Oct 08, 2009 - Sale 2189

Sale 2189 - Lot 28

Unsold
Estimate: $ 60,000 - $ 90,000
HALE WOODRUFF (1900 - 1980)
Untitled (Abstract Composition).

Oil on canvas, circa 1948-50. 762x610 mm; 30x24 inches. Signed in oil, lower right.

Provenance: gift of the artist to Robert Iglehart, fellow professor and chairman of the painting department at New York University; thence by descent to the current owner. Woodruff joined the New York University faculty in 1946. Both Woodruff and Iglehart were closely associated with the growing New York school of Abstract Expressionism at the time. In 1949, the two joined sculptor Tony Smith to turn Studio 35, a space formerly run by such artists as Robert Motherwell, Barnett Newman and Mark Rothko, into exhibition and studio space for their students.

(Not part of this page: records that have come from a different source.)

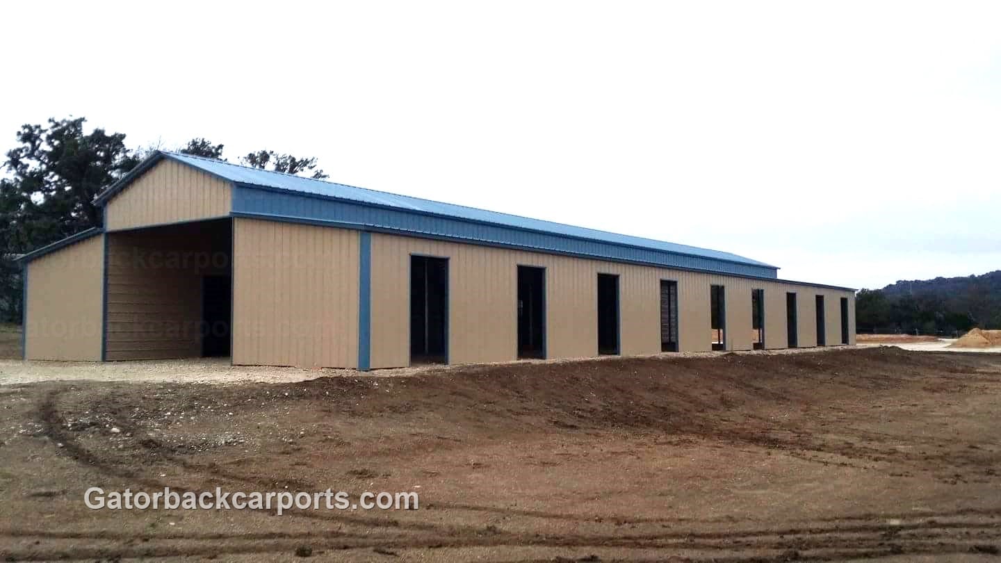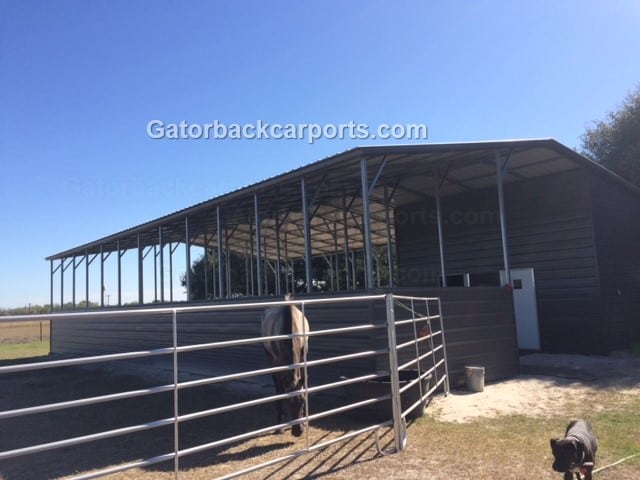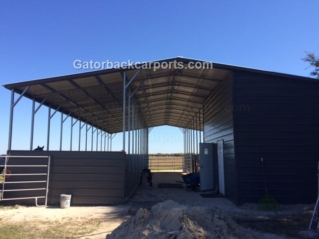 Here’s the fastest, and most affordable way to have your barn with horse stalls built. This prefabricated metal horse stall barn is a favorite because of it’s quality features. The steel barn comes with a roof line which provides excellent lighting and air flow for your family of horses. The stalls are wide enough for comfort for all breeds of horses including your American Quarter Horse, American Saddle bred, Appaloosa, and ponies will find these barns comfortable as well.
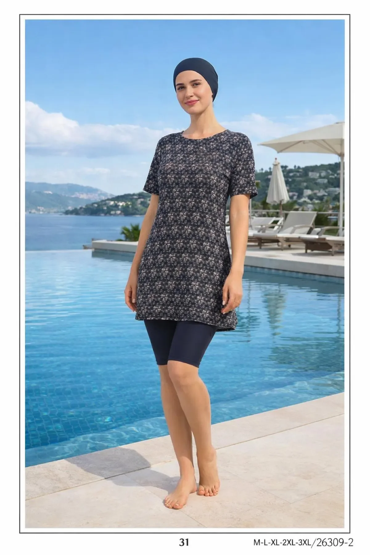 Boost your boutique's revenue with this season's top-trending semi-covered modest swimwear. Designed to meet the high demand for modern yet conservative beachwear, this stylish set guarantees rapid sell-through and excellent profit margins for retailers.
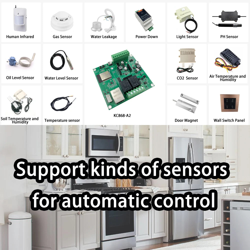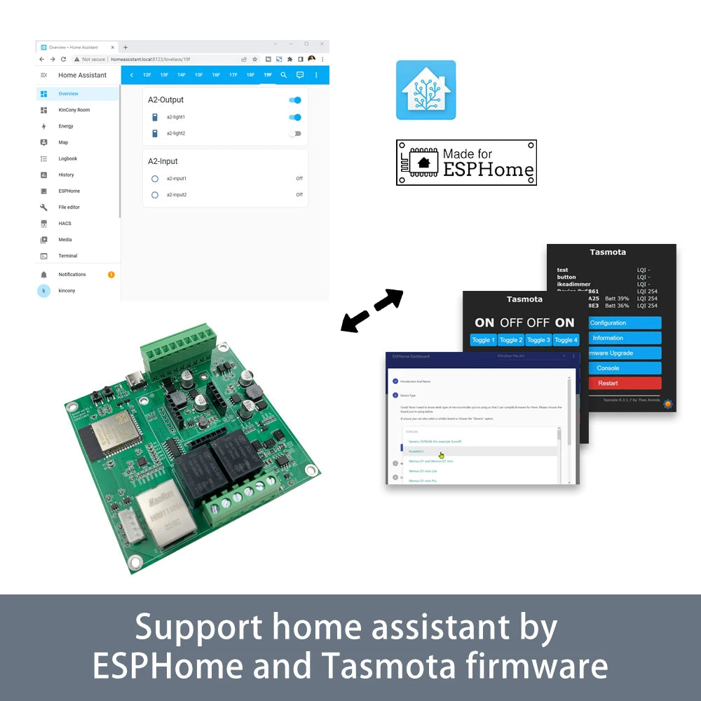 KC868-A2 esp32 4G relay board based on ESP32 wifi chip, many hardware resource for you to use. it support GSM module for SMS, voice call, GPRS communication. Support 4G SIM7600 module or 2G SIM800L module. Use SMS or call to turn ON/OFF relay will be very easy for home automation DIY. You can write any code by Arduino IDE to ESP32 wifi/bluetooth/ethernet RS485 module. We will supply demo code for different samples. Everyone can modify and change the code for your own smart home automation system project. it support use by ESPHome for home assistant or tasmota firmware for smart home automation DIY.
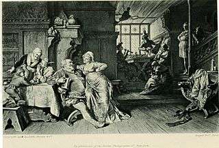 Falstaff with Doll Tearsheet in the Boar's Head tavern, illustration to Act 2, Scene 4 of the play by Eduard von Grützner
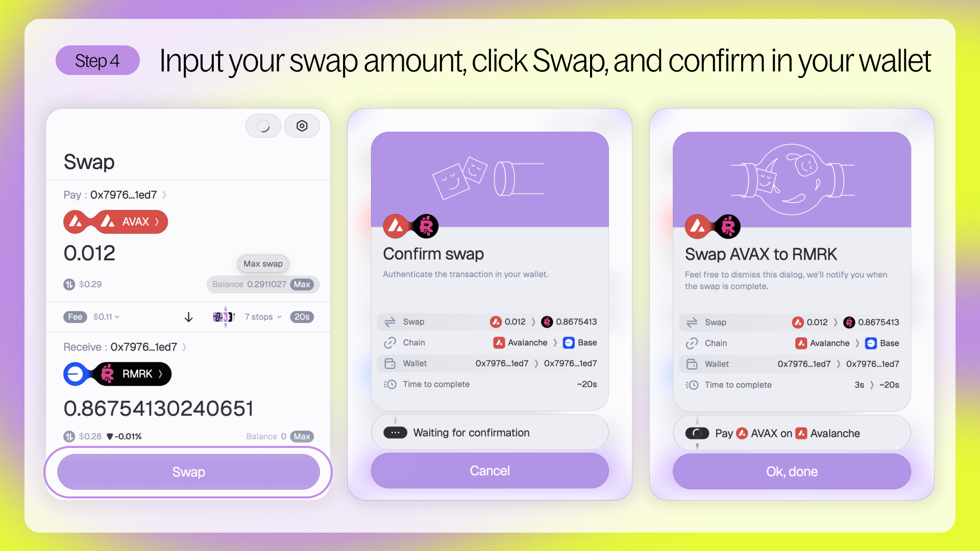 Step 4 - Enter the amount of BNB that you would like to swap into $RMRK on Base. Review your order and click ‘Submit.’ Make sure to approve in your wallet too, if prompted. You will see a ‘Processing’ message followed by ‘Complete.’ Congratulations, you now have $RMRK on Base!
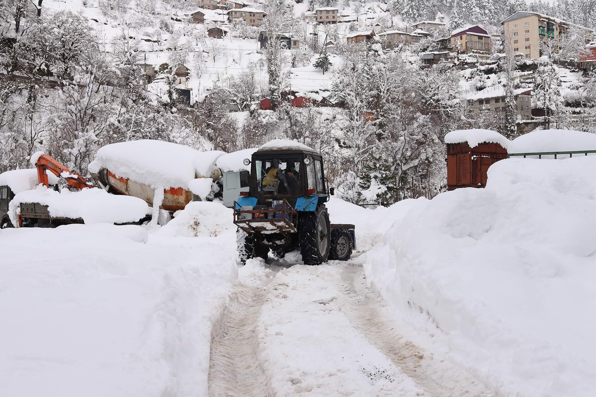 შუახევში, დიდთოვლობით გამოწვეული საავტომობილო გზების გაწმენდა მესამე დღეა ინტენსიურად მიმდინარეობს
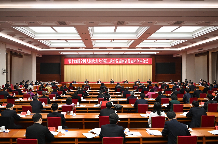3月5日,出席十四届全国人大二次会议的湖南代表团在驻地举行第三次全体会议。
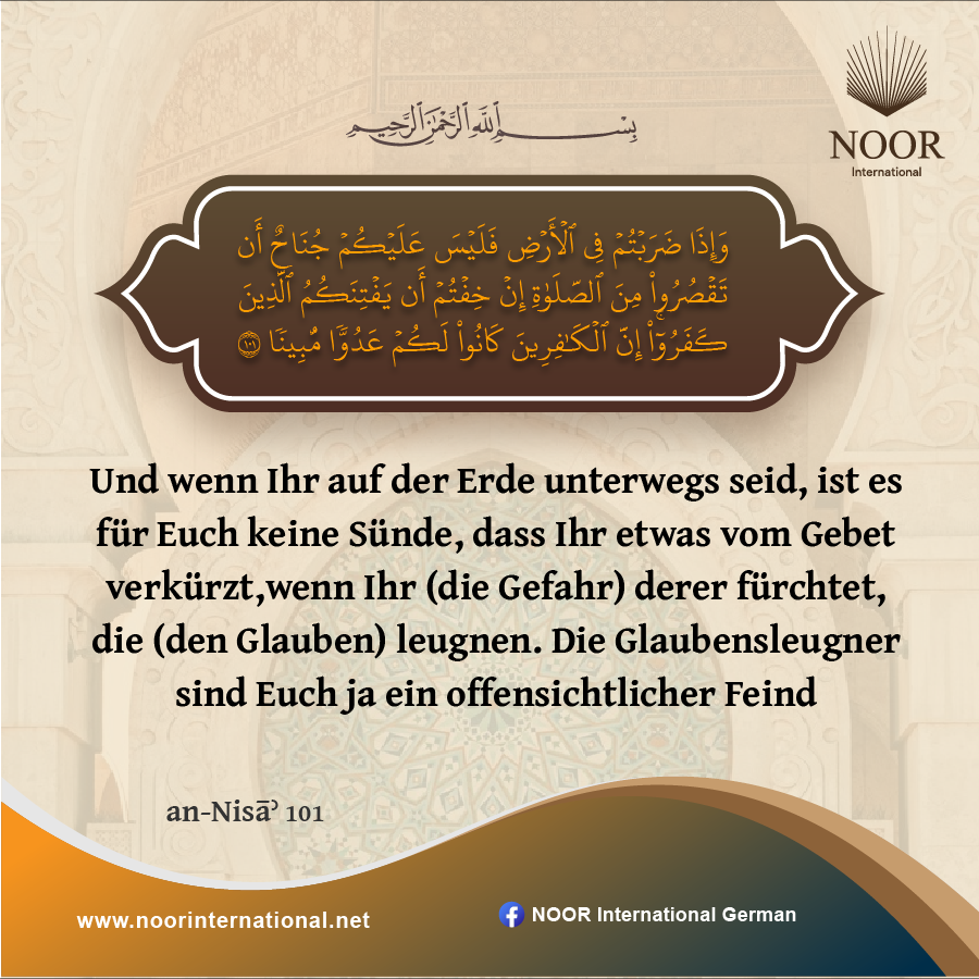 Und wenn Ihr auf der Erde unterwegs seid, ist es für Euch keine Sünde, dass Ihr etwas vom Gebet verkürzt, wenn Ihr (die Gefahr) derer fürchtet, die (den Glauben) leugnen. Die Glaubensleugner sind Euch ja ein offensichtlicher Feind
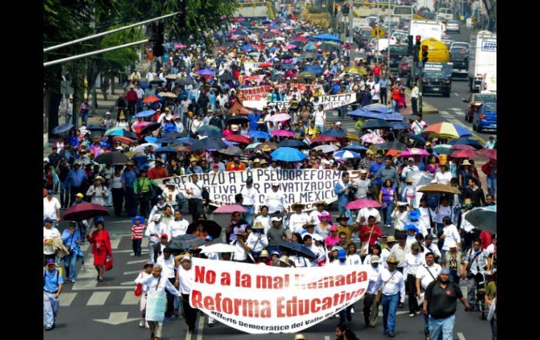 México | Cerca de cien integrantes de la coordinadora bloquearon los accesos por dos horas La CNTE protesta contra reforma educativa en sede del PAN Cerca de cien integrantes de la coordinadora bloquearon los accesos a la sede por alrededor de dos horas Por: SUN 21 de mayo de 2013 - 17:11 hs Los manifestantes de la CNTE se retiran del CEN del PAN luego de que una comisión fue recibida por el secretario general. ARCHIVO / CIUDAD DE MÉXICO (21/MAY/2013).- Integrantes de la Coordinadora Nacional de Trabajadores de la Educación (CNTE) se manifestaron a las afueras de la sede nacional del PAN para protestar por la reforma educativa. Alrededor de cien personas pertenecientes a esa organización estuvieron por alrededor de dos horas a las afueras del Comité Ejecutivo Nacional (CEN) del PAN, donde este martes se realiza una reunión entre senadores y el presidente del partido Gustavo Madero para elegir al nuevo coordinador de esta fracción parlamentaria en el Senado. Los manifestantes bloquearon los tres accesos que dan a la sede nacional del PAN. Estuvieron a las afueras de las instalaciones del partido, donde colocaron pancartas en rechazo a la reforma. De acuerdo con las personas que encabezaron la protesta, buscan que se escuche a los maestros para llevar a cabo una reforma educativa. Una comisión que ingresó a la sede nacional del PAN, explicó que no le ven nada de educativa a la reforma, y más bien son cambios en lo laboral. Los maestros se reunieron con Tomás Trueba, secretario general adjunto del CEN del PAN. Ildegardo García insistió en que se debe escuchar a los maestros, y dijo que por lo pronto dejaron patente su pronunciamiento. Reconoció que es necesaria una reforma educativa, pero se debe escuchar a todos. Acto seguido abandonaron el lugar. Temas PAN Estados Reforma Educativa Ciudad de México CNTE Lee También Clima en Ciudad de México hoy: el pronóstico para el martes 21 de octubre de 2025 Palabras de Trump, “groseras e ignorantes con Colombia”: Gustavo Petro Detienen a presunto autor intelectual del asesinato de líder limonero en Apatzingán Este será el costo del Gas Bienestar en CDMX en la semana del 20 al 25 de octubre Recibe las últimas noticias en tu e-mail Todo lo que necesitas saber para comenzar tu día Registrarse implica aceptar los Términos y Condiciones
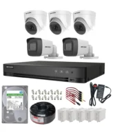 The Hikvision 2MP 2 Outdoor Camera System includes two weather-resistant 2 MP outdoor cameras, a 4-channel DVR, and a 2 TB internal hard drive. The kit comes complete with all essential installation accessories, delivering reliable outdoor surveillance with clear recording and long-term storage.

This fascinating modernist composition is one of the earliest abstract paintings by Hale Woodruff to come to auction. While it is known to have been exhibited at one time, its title is now lost. This mid-century painting, however, reveals many common threads found in Woodruff's early 1950s paintings. Untitled has both a similar palette and composition to images within the panel Native Forms, from his famous 1950 Art of the Negro murals for the Trevorr Arnett Library at Atlanta University. This use of earthy tones is also found in the African art-inspired Totem, circa 1950-54, ex-collection Bertha Schaefer Gallery, New York, that sold at Swann Galleries on February 4, 2007. Untitled, with its sparse calligraphy, is also closely related to Vertical Landscape, 1948-49, and Carnival, 1950. Woodruff showed a succession of these abstract works in three solo exhibitions at the Bertha Schaefer Gallery in 1953, 1954 and 1958.